Why all this interest in attracting and selling more to women? Because, according to Mary Lou Quinlan, author of Just Ask a Woman, "... women buy or influence the purchase of eighty-five percent of all products and services sold nationwide." Women are the most important shoppers and dominant consumers in the U.S. market today.
From 1990 forward our channels most loyal customers have been white males. Males shop differently than women, and according to Paco Underhill, author of Why We Buy: The Science Of Shopping: "Males just want places that allow them to find what they need with a minimum of looking and then get out fast." We have designed our retail space, and created our stores over the last fifteen years almost exclusively for men! Our challenge begins with making our male retail environments appealing to female shoppers, and providing a totally satisfying retail shopping experience.
Are women really that different from men in the way they buy? Mary Lou Quinlan reports that: "Women demand many of the things that men do (value, service, quality), but as shoppers, they notice more, expect more and get annoyed more when retailers don't put them first." In practical terms this means women demand much more of the shopping experience and of shopping environments than men do.
Our channel of trade has too few retailers providing totally satisfying shopping experiences, and shopping is and always will be mostly for women. Women are, as Paco Underhill warns us: "... capable of consigning entire species of retailer or product to Darwin's dustbin if that retailer or product is unable to adapt to what women need and want. It's like watching dinosaurs die out." The total number of specialty bicycle retail storefronts has steadily dropped from a high of 6,259 in 2001 to 4,600 in January 2006 - a decline of 26.5% over the last five years.
Women don't like to shop at the typical bike shop! I have talked to women both inside and outside our channel of trade, and have gotten pretty much the same story. Women are either totally ignored, or talked down to by staff in the typical bike shop. I could go on, but I hope you have gotten the point. Mystery-shop your store or stores if you don't believe me ... the results might surprise you.

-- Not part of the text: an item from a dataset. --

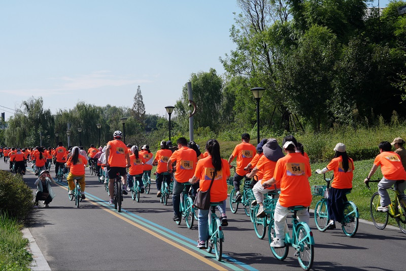 当日下午两点,骑手们从千林里绿道入口有序出发,沿成都绕城绿道西段向天府芙蓉园方向进发,抵达终点后原路返程,往返全程约 20 公里。正值秋日,道路两旁层林尽染,骑手们穿行于红叶与桂香之间,实现 “车在景中行,人在画中游” 的沉浸式体验。本次活动摒弃传统竞速模式,参与者可按自身节奏自由骑行,完成全程即可获得完赛礼包。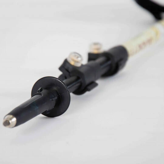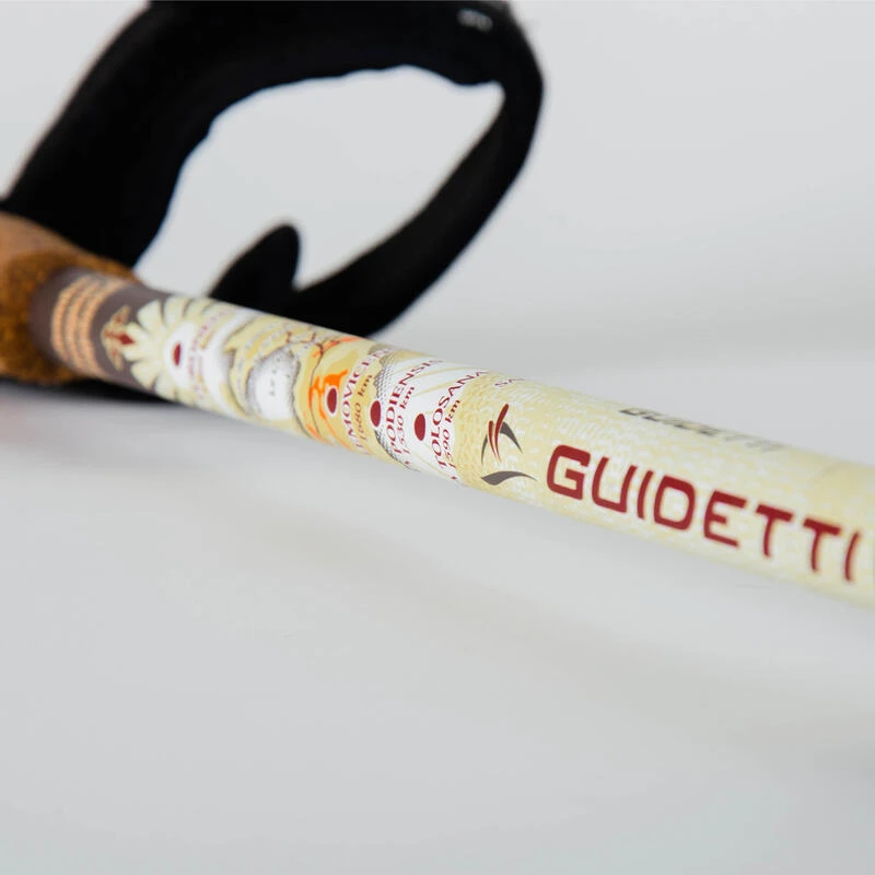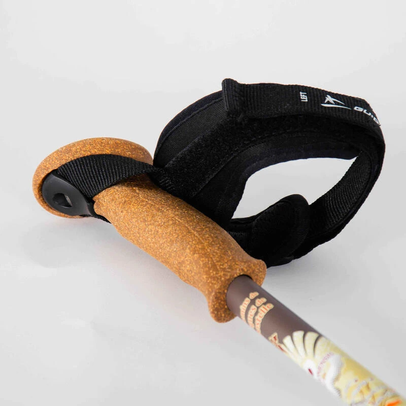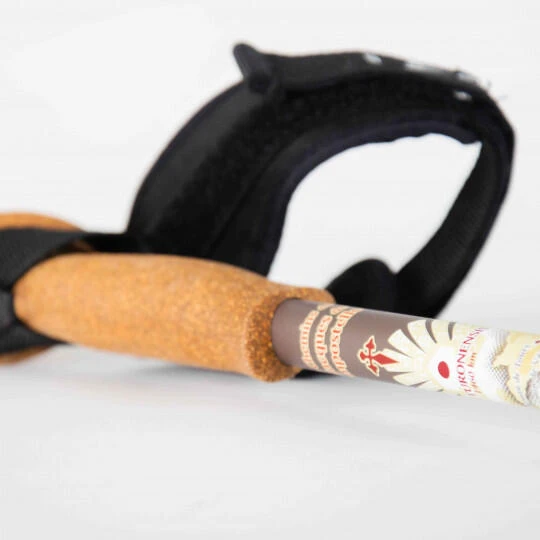 Bâtons de randonnée réglables aux couleurs du chemin de St Jacques de Compostelle, avec poignée en liège • Fabrication française • Poids unitaire 265g

Marketing and Selling To Women Seminar. We need rapid progress if we are going to make any headway in attracting more women as customers to our channel of trade. I suggest that the NBDA present a "Marketing and Selling To Women" seminar for their regional education events and for the 2006 Interbike Show ... that is created, produced and presented totally by women! We can all make suggestions about how to market and sell to women, but to make real progress we need to really listen to and act on what women tell us will actually work.